Working data:

---

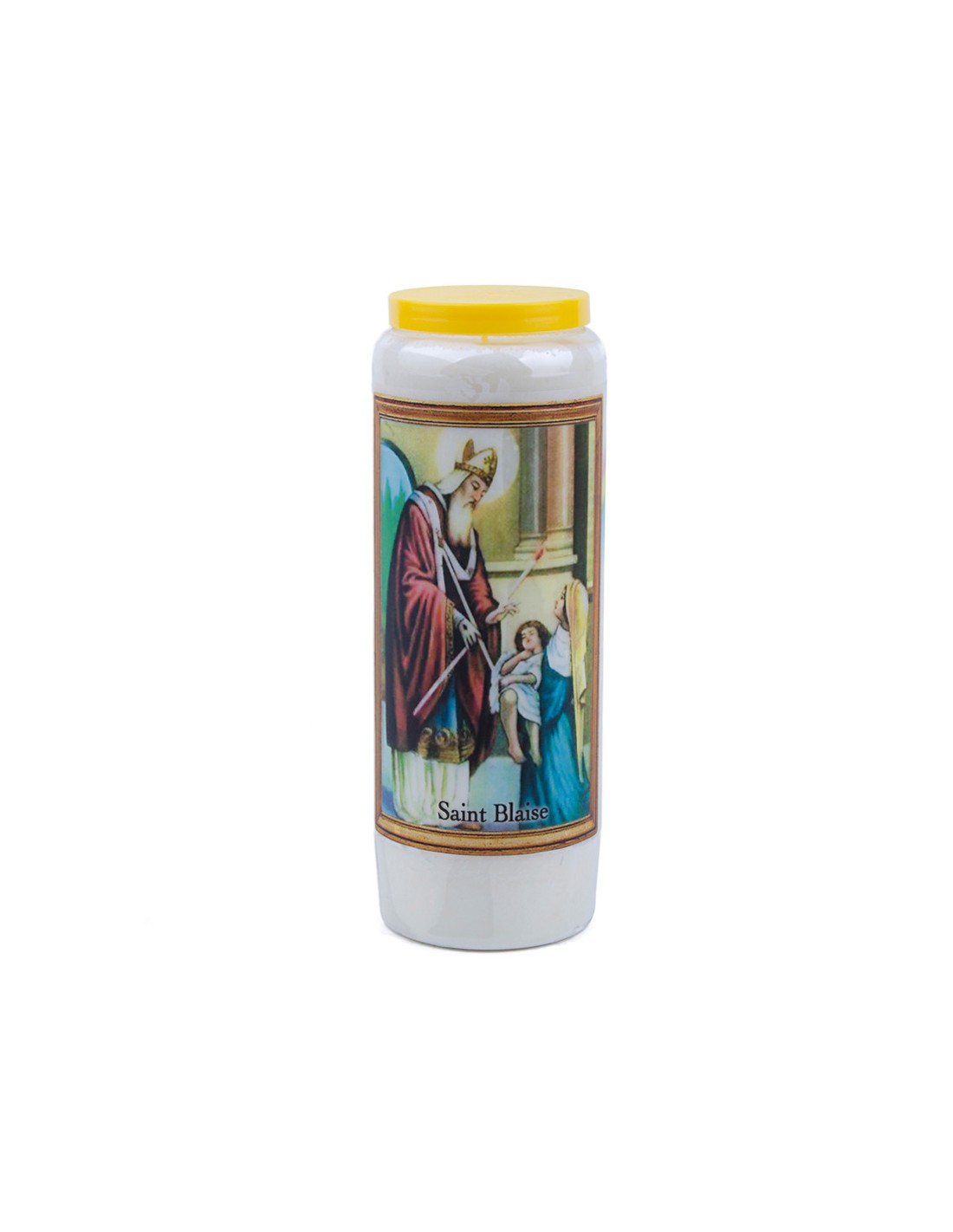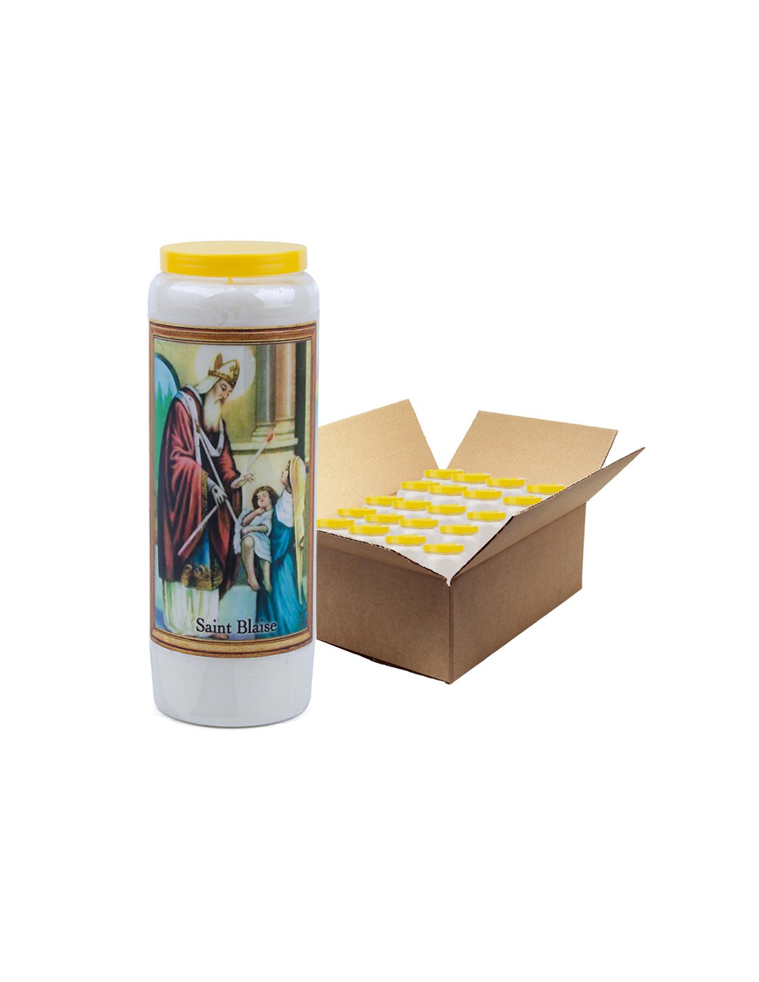 Box of 20 novena candles with the image of Saint Blaise and a prayer on the back.
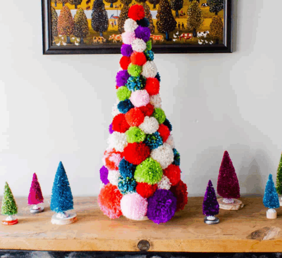 Add a larger pom-pom or a small star on the very top. These fluffy trees look adorable on mantels or as table centerpieces. The soft, textured surface catches the light beautifully and adds a cozy touch to your holiday decor.
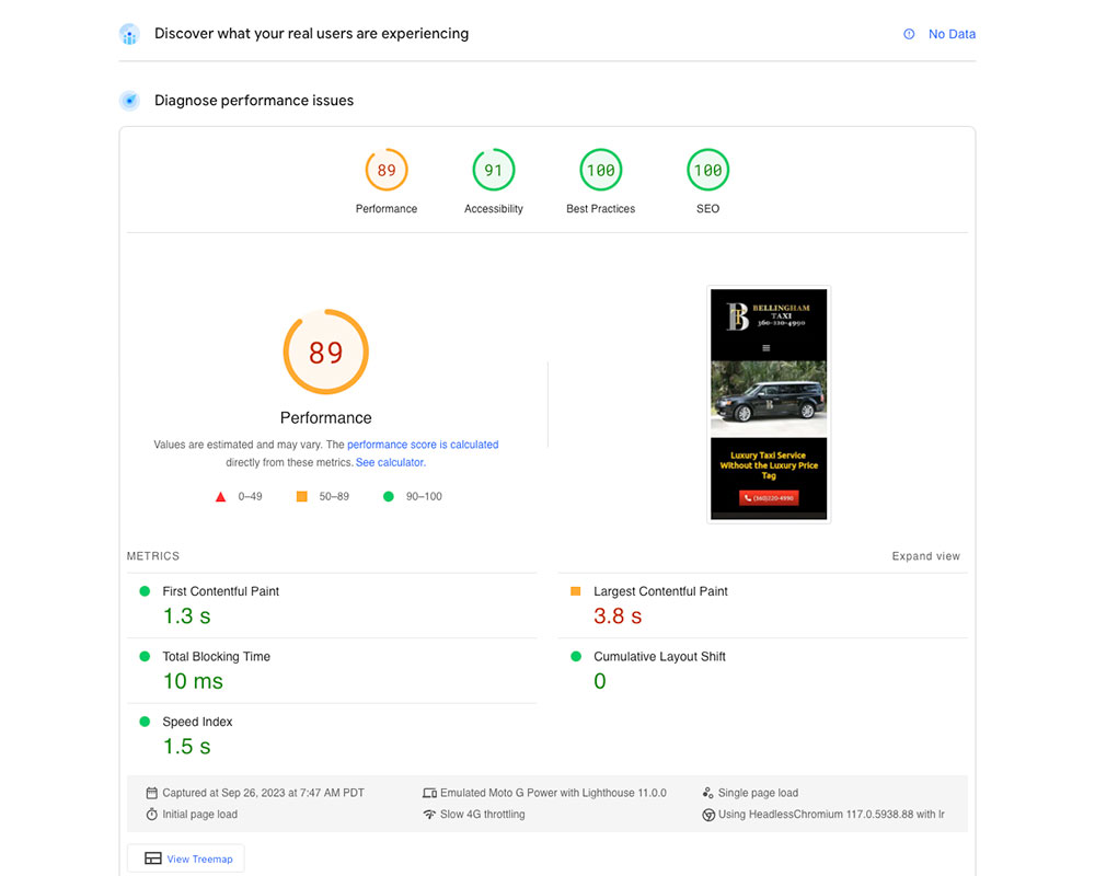 The result? A high-performing, SEO-optimized website that boasts a 89 on Google’s metrics. Bellingham Taxi’s online presence now not only exudes luxury but is also strategically designed to attract and convert potential customers. With its new digital front, Bellingham Taxi is redefining luxury transportation in the Bellingham area.
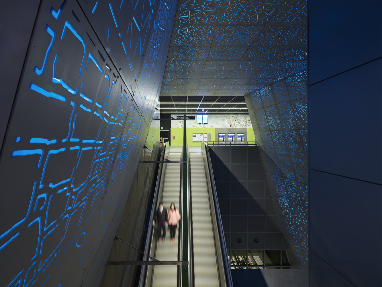 At the heart of the station experience, the escalators and glass elevator pass through a 55-foot-high central chamber, one of the tallest interior volumes in the city.
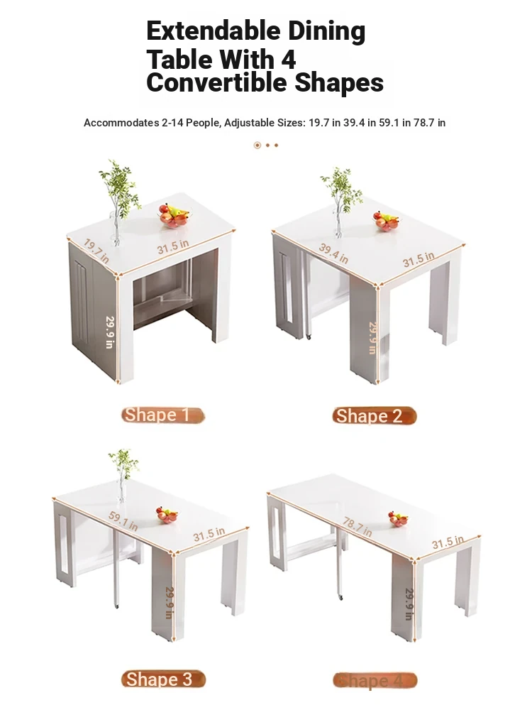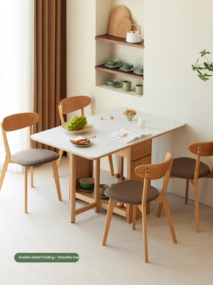 Modern Minimalist Solid Wood Folding Dining Table for Small Spaces – Ultra-Thin Multi-Functional Expandable Table with Rock Plate Surface, Perfect for Home Dining
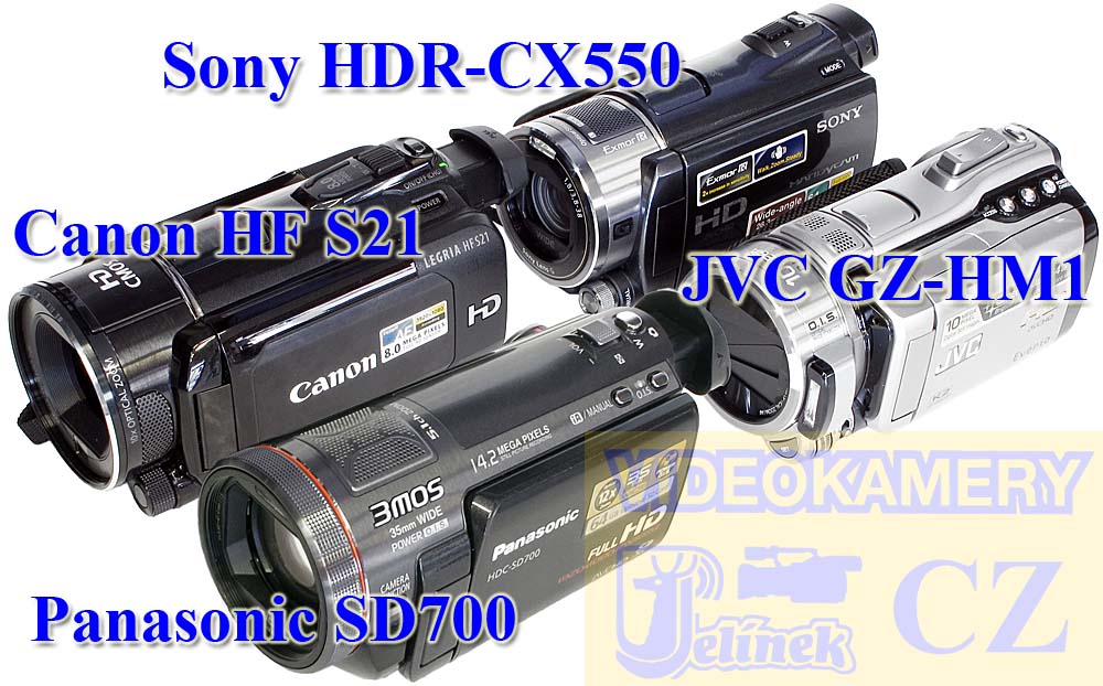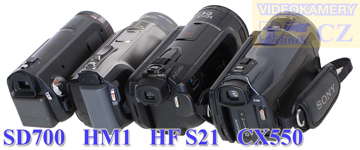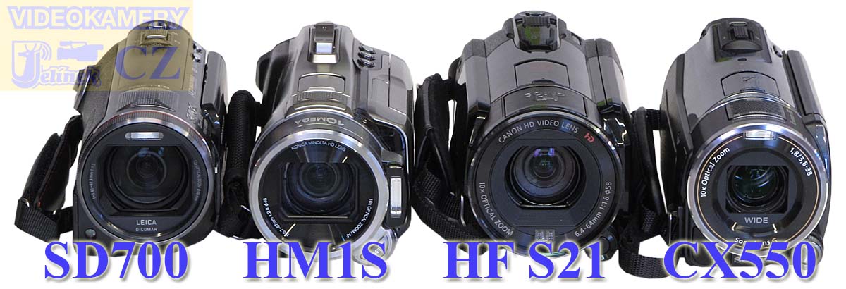 8. Doplňky a Špeky (+ co nemají ostatní). Běžné rozteče botek doplňků jsou shodně k dispozici u HM1 a SD700, zatímco CX550 a HF S21 mají (tzv. inteligentní) botičky vestavěny, ale pro instalaci doplňujících zdokonalovačů (zvuku nebo světla) vyžadují redukce z naší malosériové výroby - samozřejmě jen při požadavku nepoužít originální příslušenství (kterého vpravdě není velká sorta). Canon má nejmasivnější tělo, jediný ze čtyř výklopný blesk a čidlo inteligentního auto-fokusu, které se tak osvědčuje už od krásné miniatury HV10. Přidávám funkci Canon „Před-natočit“, jíž disponuje i Panasonic (tzv. PRE-REC); a ovládací zdířku LANC (u HF S21), již jsme naopak nenašli u jejího tvůrce Sony. Finesu k vyzdvihnutí par excelence vidím osobně ještě v osazení mikrofonů: Canon má totiž stereofonní kanály od sebe jako jediný přes 7 centimetrů na bocích objektivu a to mu umožňuje nahrát OPRAVDU prostorové audio. Subjektivně bych si dovolil tvrdit, že právě Jednadvacítka má nejlepší zvuk z celé čtveřice. Pro JVC HM1S je už zbytečné opakovat hendikep hledáčku, ale vyzdvihněme zmíněnou kolíbku ZOOM-u a vysokorychlostní záznam, jehož podmínečnou (ne)použitelnost jsem popsal v recenzi firemní kolegyně HM400. Vzhledem k rozsáhlosti bodu jej rozděluji na dva odstavce a vkládám další Galerii…

---

Work to be completed:
Reproduce the data in full. Do not carry over any picture.

Response to the task:
 Box of 20 novena candles with the image of Saint Blaise and a prayer on the back.
 Add a larger pom-pom or a small star on the very top. These fluffy trees look adorable on mantels or as table centerpieces. The soft, textured surface catches the light beautifully and adds a cozy touch to your holiday decor.
 The result? A high-performing, SEO-optimized website that boasts a 89 on Google’s metrics. Bellingham Taxi’s online presence now not only exudes luxury but is also strategically designed to attract and convert potential customers. With its new digital front, Bellingham Taxi is redefining luxury transportation in the Bellingham area.
 At the heart of the station experience, the escalators and glass elevator pass through a 55-foot-high central chamber, one of the tallest interior volumes in the city.
 Modern Minimalist Solid Wood Folding Dining Table for Small Spaces – Ultra-Thin Multi-Functional Expandable Table with Rock Plate Surface, Perfect for Home Dining
 8. Doplňky a Špeky (+ co nemají ostatní). Běžné rozteče botek doplňků jsou shodně k dispozici u HM1 a SD700, zatímco CX550 a HF S21 mají (tzv. inteligentní) botičky vestavěny, ale pro instalaci doplňujících zdokonalovačů (zvuku nebo světla) vyžadují redukce z naší malosériové výroby - samozřejmě jen při požadavku nepoužít originální příslušenství (kterého vpravdě není velká sorta). Canon má nejmasivnější tělo, jediný ze čtyř výklopný blesk a čidlo inteligentního auto-fokusu, které se tak osvědčuje už od krásné miniatury HV10. Přidávám funkci Canon „Před-natočit“, jíž disponuje i Panasonic (tzv. PRE-REC); a ovládací zdířku LANC (u HF S21), již jsme naopak nenašli u jejího tvůrce Sony. Finesu k vyzdvihnutí par excelence vidím osobně ještě v osazení mikrofonů: Canon má totiž stereofonní kanály od sebe jako jediný přes 7 centimetrů na bocích objektivu a to mu umožňuje nahrát OPRAVDU prostorové audio. Subjektivně bych si dovolil tvrdit, že právě Jednadvacítka má nejlepší zvuk z celé čtveřice. Pro JVC HM1S je už zbytečné opakovat hendikep hledáčku, ale vyzdvihněme zmíněnou kolíbku ZOOM-u a vysokorychlostní záznam, jehož podmínečnou (ne)použitelnost jsem popsal v recenzi firemní kolegyně HM400. Vzhledem k rozsáhlosti bodu jej rozděluji na dva odstavce a vkládám další Galerii…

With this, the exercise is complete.